Dataset excerpts:
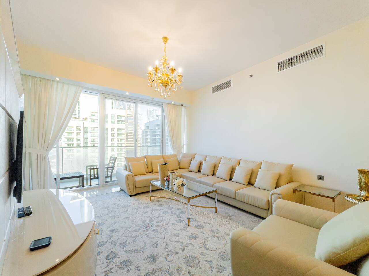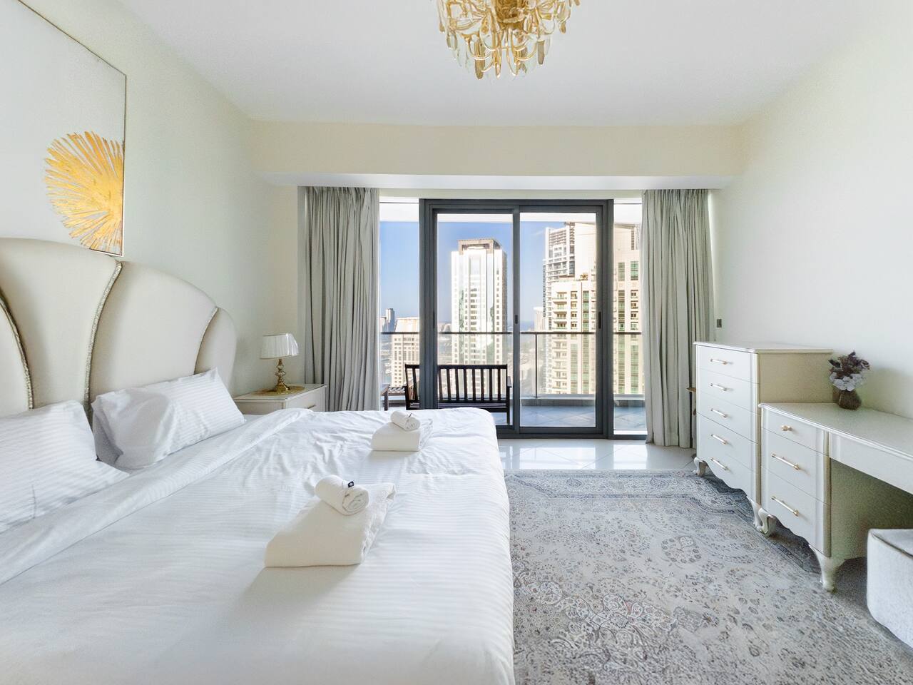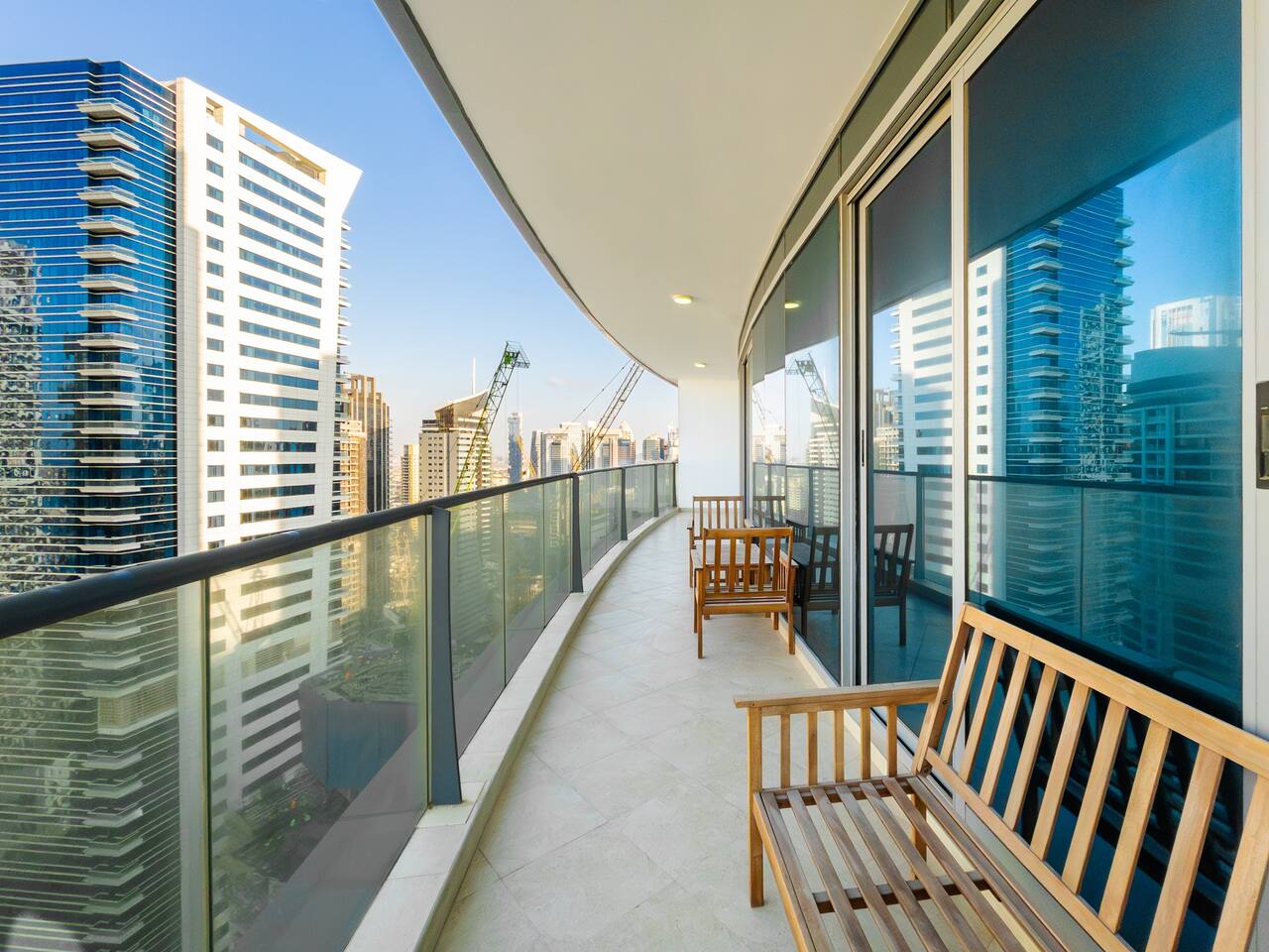 As soon as you step in and drop your bags, you know you picked the right place because... ...this 30th-floor 2BR in Trident Grand Residence gives you wide-open views of Dubai Marina and the Palm... Plus space to actually enjoy them from your private balcony. It’s fully stocked for families with free baby gear, a sky gym, Jacuzzi, sauna, and steam room for the grown-ups. And you're just minutes from JBR Beach, Marina Walk, Marina Mall, The Beach, and Ain Dubai.
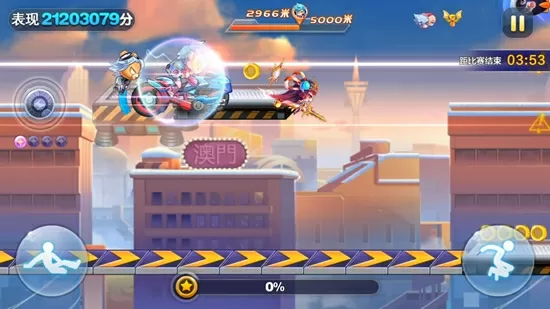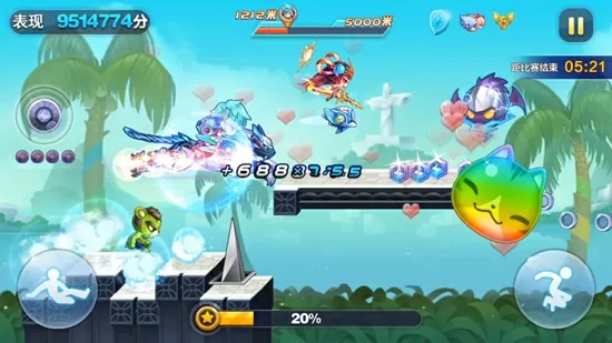 精灵中战争熊器的得分最稳定,是9000米左右爆分的关键。旋转舞娘发动技能后巨化旋转冲锋,并获得磁铁效果。这组搭配,技能在奖励关外障碍多的路段使用即可。旋转舞娘+觉醒赤兔+天照+小丑熊,宝物同上。这套搭配成本较低,万米内爆分,技能也是在奖励关外障碍多的路段使用。若将精灵替换成战争熊器,则能提前1000米左右爆分。注意各短爆搭配都要通过第一次巅峰挑战,且遇到穿越关直接出来。
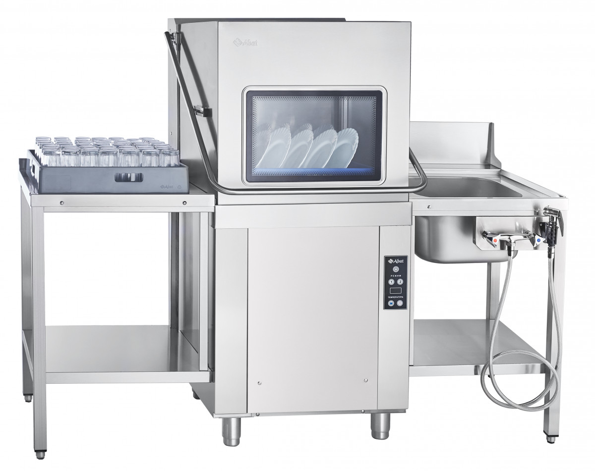 Купольная посудомоечная машина совместима с предмоечными и раздаточными столами, что позволяет оптимизировать рабочий процесс. В стандартную комплектацию входят:
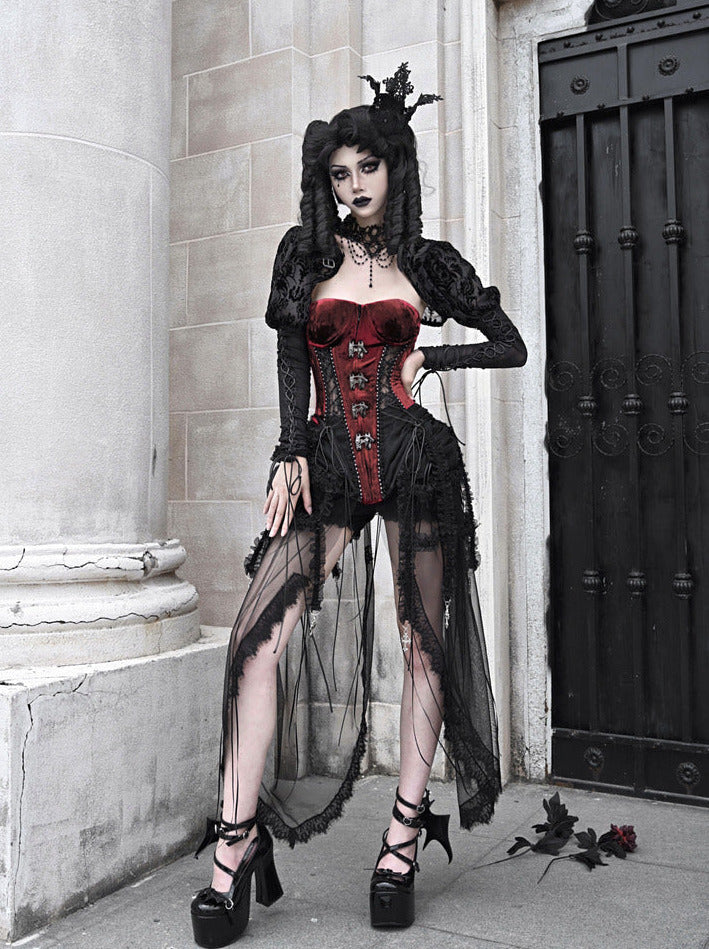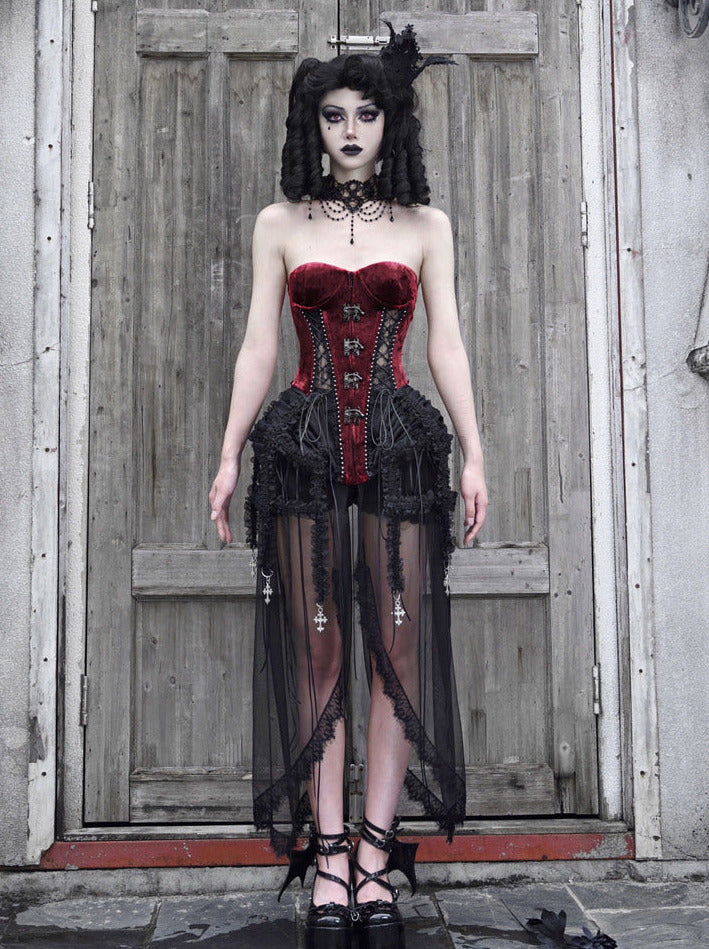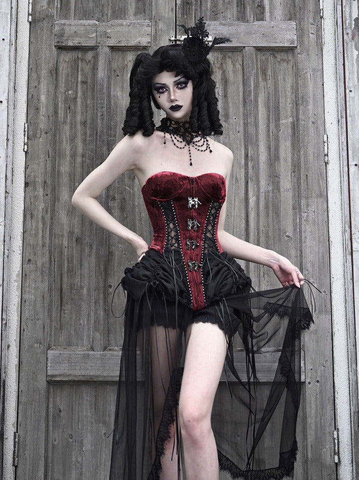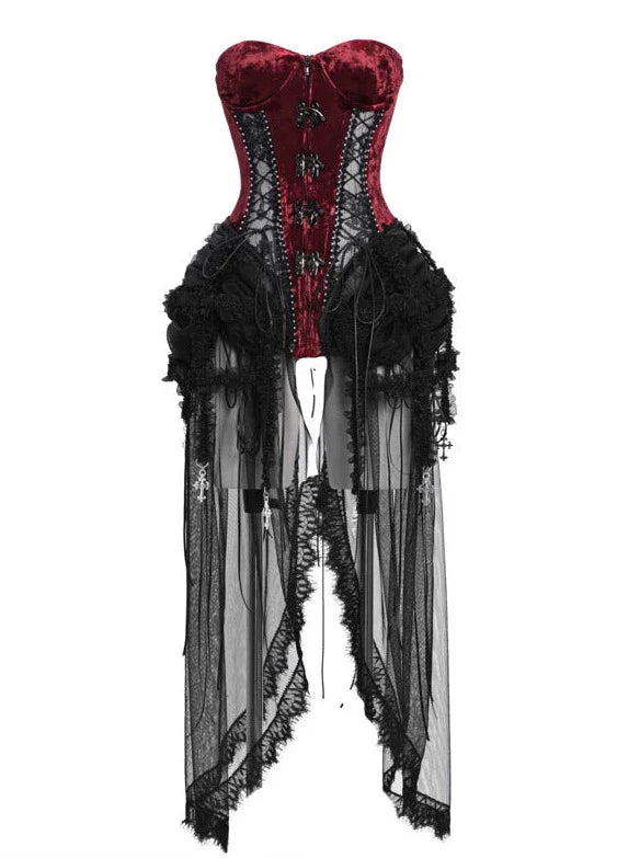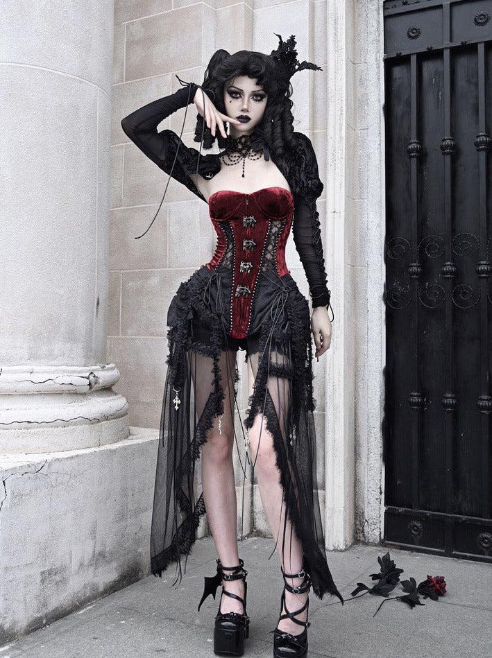 ゴシック風のコルセットセットは、フィッシュボーンストラップとチュールのアクセントが美しいダークアリスデザインが特徴です。キュートでエッジの効いたこのアンサンブルで、スタイルをワンランクアップさせましょう。
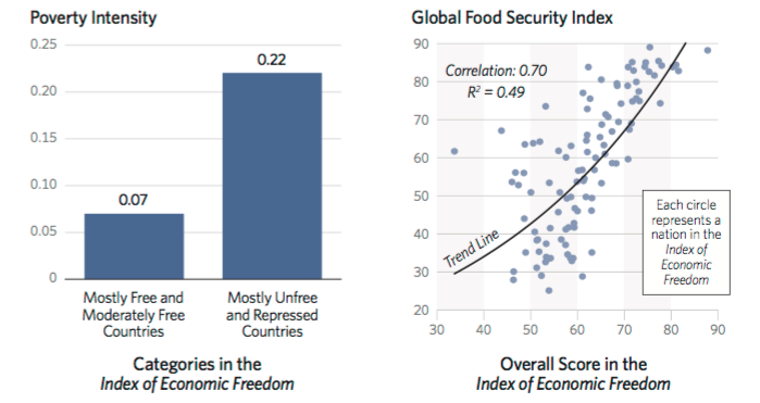 A la izquierda vemos que la incidencia de la pobreza es del 7% en las economías abiertas y del 22% en las economías intervenidas. En cuanto a la pobreza alimentaria, son los países más capitalistas los que menos sufren esta lacra.
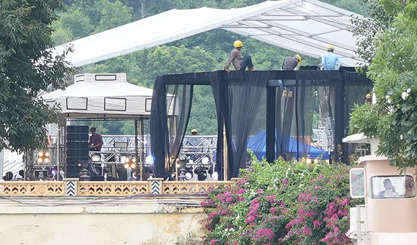 The festivities have already begun with a grand sangeet ceremony and the couple's arrival at the wedding venue via a beautifully decorated boat.
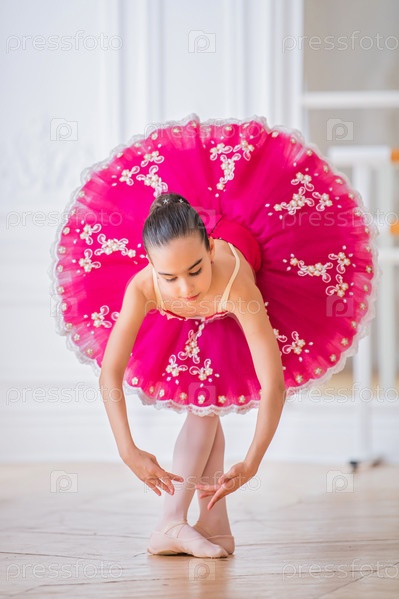 Маленькая балерина в ярко-розовой пачке стоит в позе в белом зале
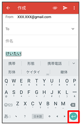 - 「ケータイ配列」、「QWERTY」、「Godan キーボード」を切り替えるには、キーボード表示中に
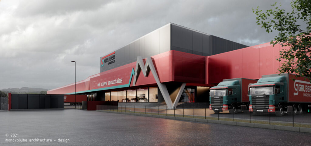 Gli spazi di GRUBER Logistics sono organizzati intorno a un blocco uffici centrale su tre livelli, che funge da “perno distributivo e di controllo” per l’intero edificio.

WHAT YOU NEED TO DO> Drop the pictures, then transcribe the lines from the one containing "Маленькая балерина в" to the end of the data above, exactly and nothing more.

SOLUTION TO THE EXERCISE>
 Маленькая балерина в ярко-розовой пачке стоит в позе в белом зале
 - 「ケータイ配列」、「QWERTY」、「Godan キーボード」を切り替えるには、キーボード表示中に
 Gli spazi di GRUBER Logistics sono organizzati intorno a un blocco uffici centrale su tre livelli, che funge da “perno distributivo e di controllo” per l’intero edificio.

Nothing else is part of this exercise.